• **PROBLEM TO SOLVE**
Under this line are records; the part from the line containing "A graceful duet" through the line containing "Elegant White Lace" should be repeated exactly. Please exclude pictures.

• **DATA EXTRACTS**
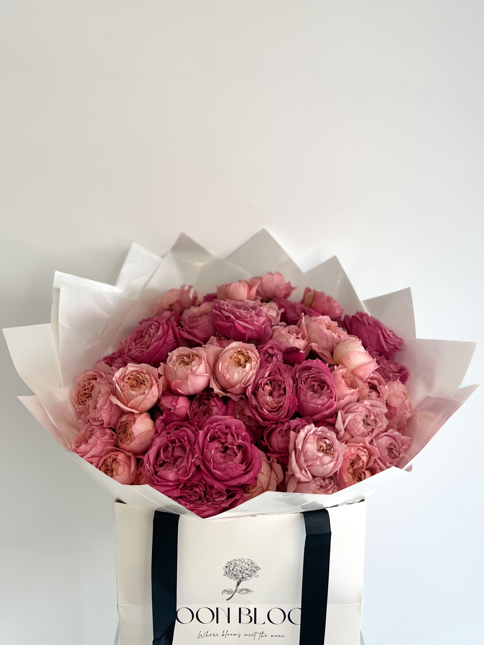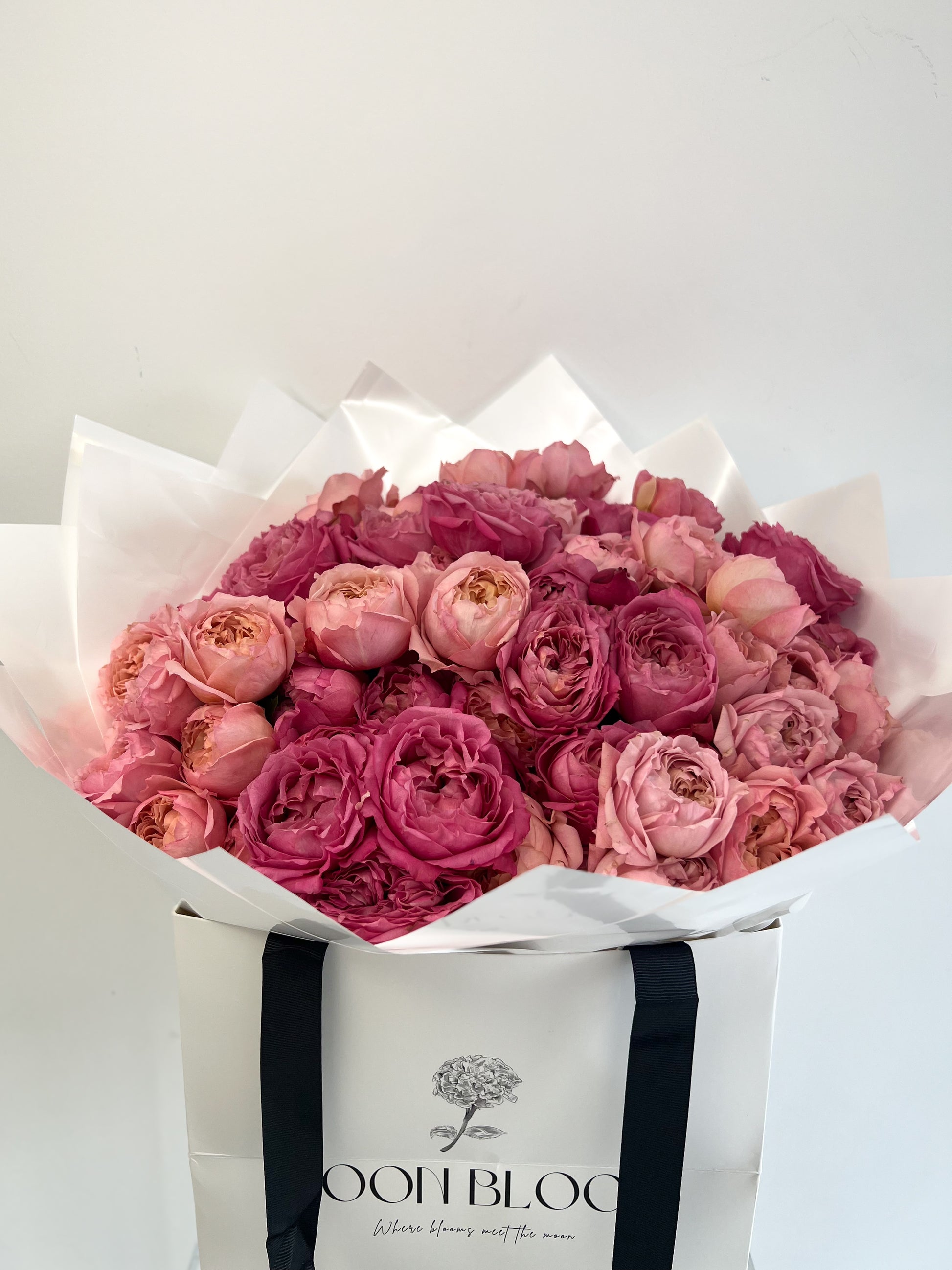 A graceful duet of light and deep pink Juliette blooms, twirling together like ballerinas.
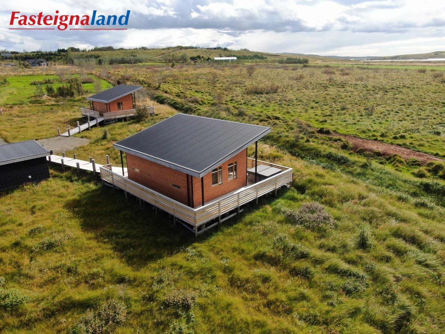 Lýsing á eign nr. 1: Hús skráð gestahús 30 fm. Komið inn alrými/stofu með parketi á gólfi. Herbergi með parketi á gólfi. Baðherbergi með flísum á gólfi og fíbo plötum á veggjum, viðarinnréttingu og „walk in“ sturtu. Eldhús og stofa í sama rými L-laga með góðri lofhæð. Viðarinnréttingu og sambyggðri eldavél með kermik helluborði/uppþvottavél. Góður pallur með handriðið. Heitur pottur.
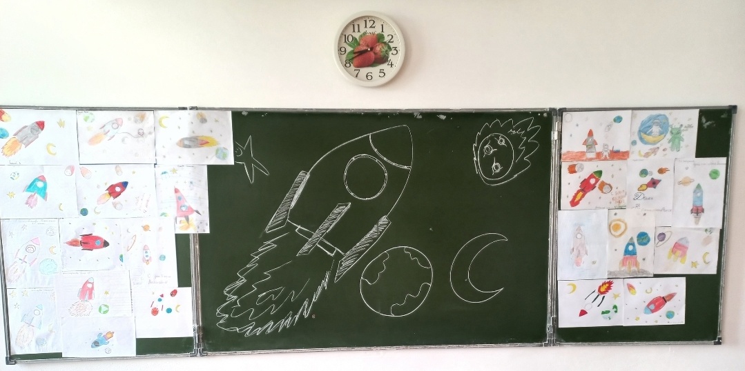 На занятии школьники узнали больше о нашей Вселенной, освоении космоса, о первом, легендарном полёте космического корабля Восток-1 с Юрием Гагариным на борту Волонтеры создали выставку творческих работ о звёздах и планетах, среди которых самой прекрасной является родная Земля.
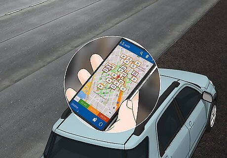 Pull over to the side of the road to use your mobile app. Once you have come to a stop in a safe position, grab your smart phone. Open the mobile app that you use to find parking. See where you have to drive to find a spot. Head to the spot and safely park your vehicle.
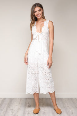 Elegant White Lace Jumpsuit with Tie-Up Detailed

...

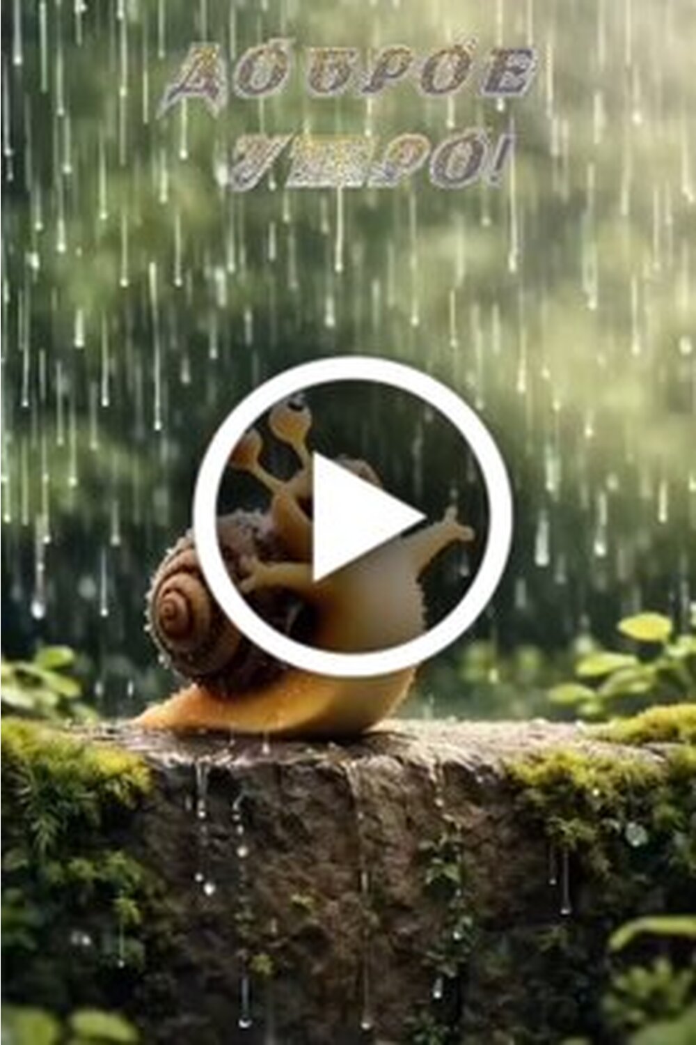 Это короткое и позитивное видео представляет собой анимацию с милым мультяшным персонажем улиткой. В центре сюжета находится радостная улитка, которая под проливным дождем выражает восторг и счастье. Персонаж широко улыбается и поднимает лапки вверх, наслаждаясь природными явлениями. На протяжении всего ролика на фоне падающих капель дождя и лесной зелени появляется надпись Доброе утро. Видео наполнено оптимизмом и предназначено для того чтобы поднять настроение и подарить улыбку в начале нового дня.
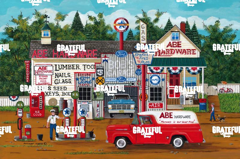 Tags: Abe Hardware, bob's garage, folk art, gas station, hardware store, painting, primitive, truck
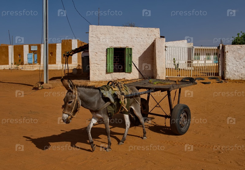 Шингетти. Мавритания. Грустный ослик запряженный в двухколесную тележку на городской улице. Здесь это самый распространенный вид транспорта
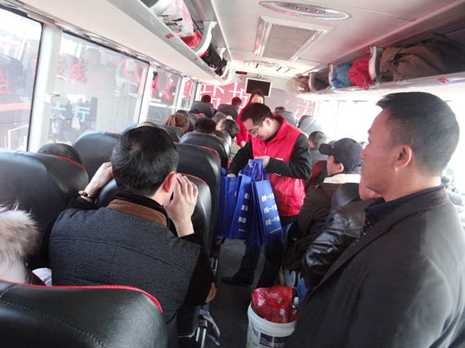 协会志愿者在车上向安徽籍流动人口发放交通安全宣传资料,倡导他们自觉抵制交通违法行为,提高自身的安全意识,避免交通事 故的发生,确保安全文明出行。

--

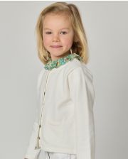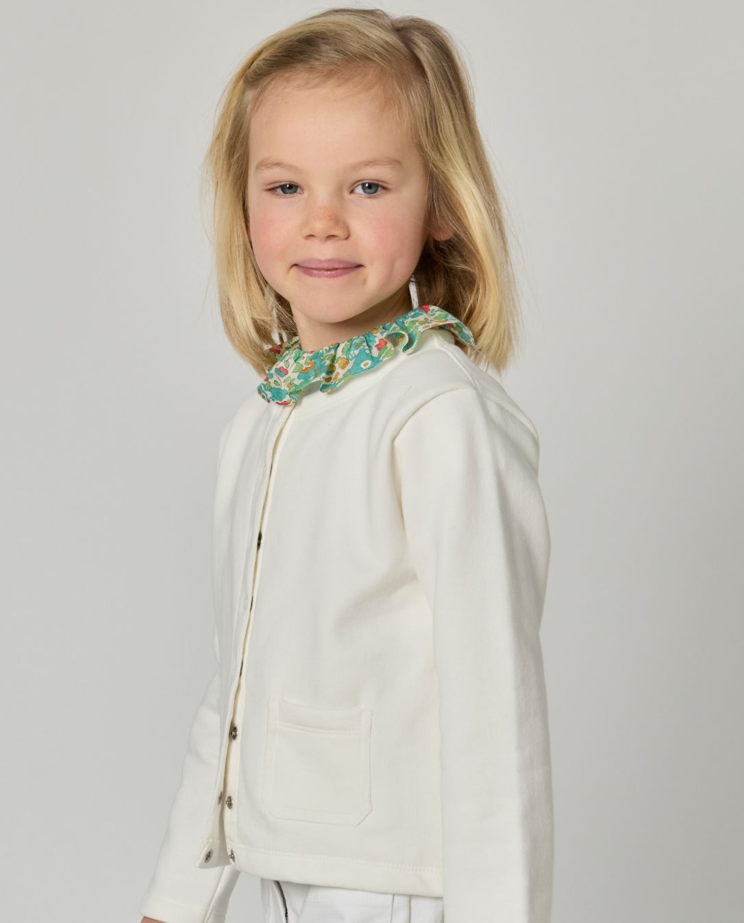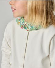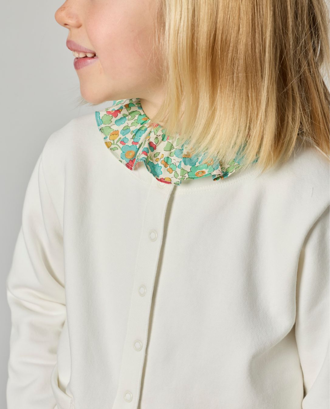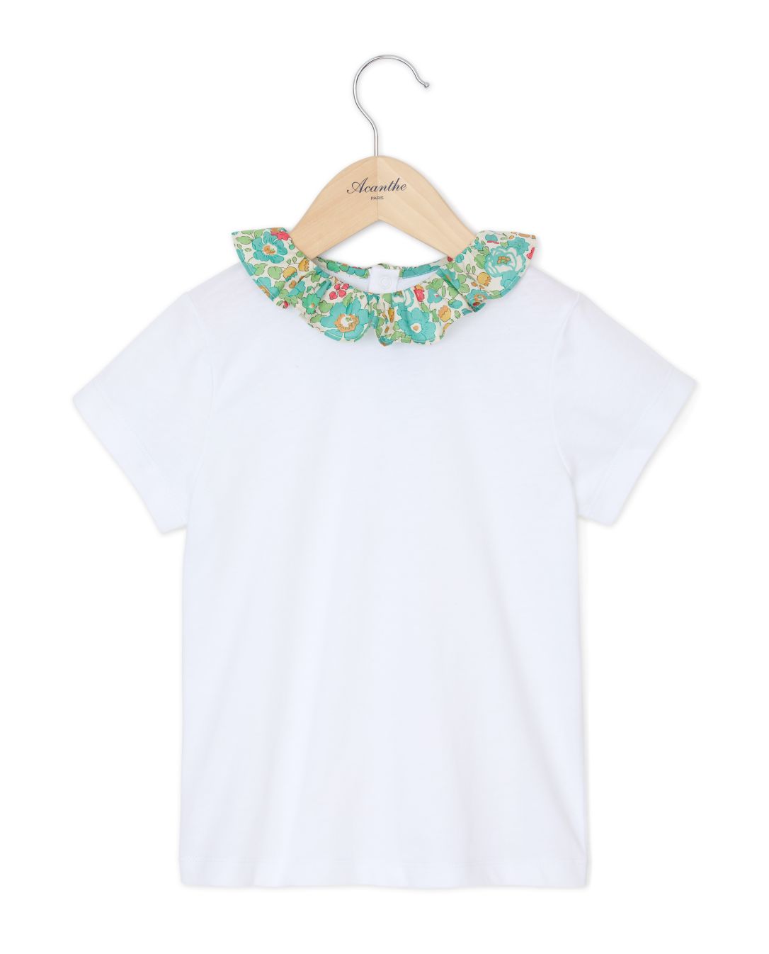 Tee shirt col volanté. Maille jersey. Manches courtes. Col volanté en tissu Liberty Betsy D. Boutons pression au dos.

• **SOLUTION FOR THIS EXERCISE**
 A graceful duet of light and deep pink Juliette blooms, twirling together like ballerinas.
 Lýsing á eign nr. 1: Hús skráð gestahús 30 fm. Komið inn alrými/stofu með parketi á gólfi. Herbergi með parketi á gólfi. Baðherbergi með flísum á gólfi og fíbo plötum á veggjum, viðarinnréttingu og „walk in“ sturtu. Eldhús og stofa í sama rými L-laga með góðri lofhæð. Viðarinnréttingu og sambyggðri eldavél með kermik helluborði/uppþvottavél. Góður pallur með handriðið. Heitur pottur.
 На занятии школьники узнали больше о нашей Вселенной, освоении космоса, о первом, легендарном полёте космического корабля Восток-1 с Юрием Гагариным на борту Волонтеры создали выставку творческих работ о звёздах и планетах, среди которых самой прекрасной является родная Земля.
 Pull over to the side of the road to use your mobile app. Once you have come to a stop in a safe position, grab your smart phone. Open the mobile app that you use to find parking. See where you have to drive to find a spot. Head to the spot and safely park your vehicle.
 Elegant White Lace Jumpsuit with Tie-Up Detailed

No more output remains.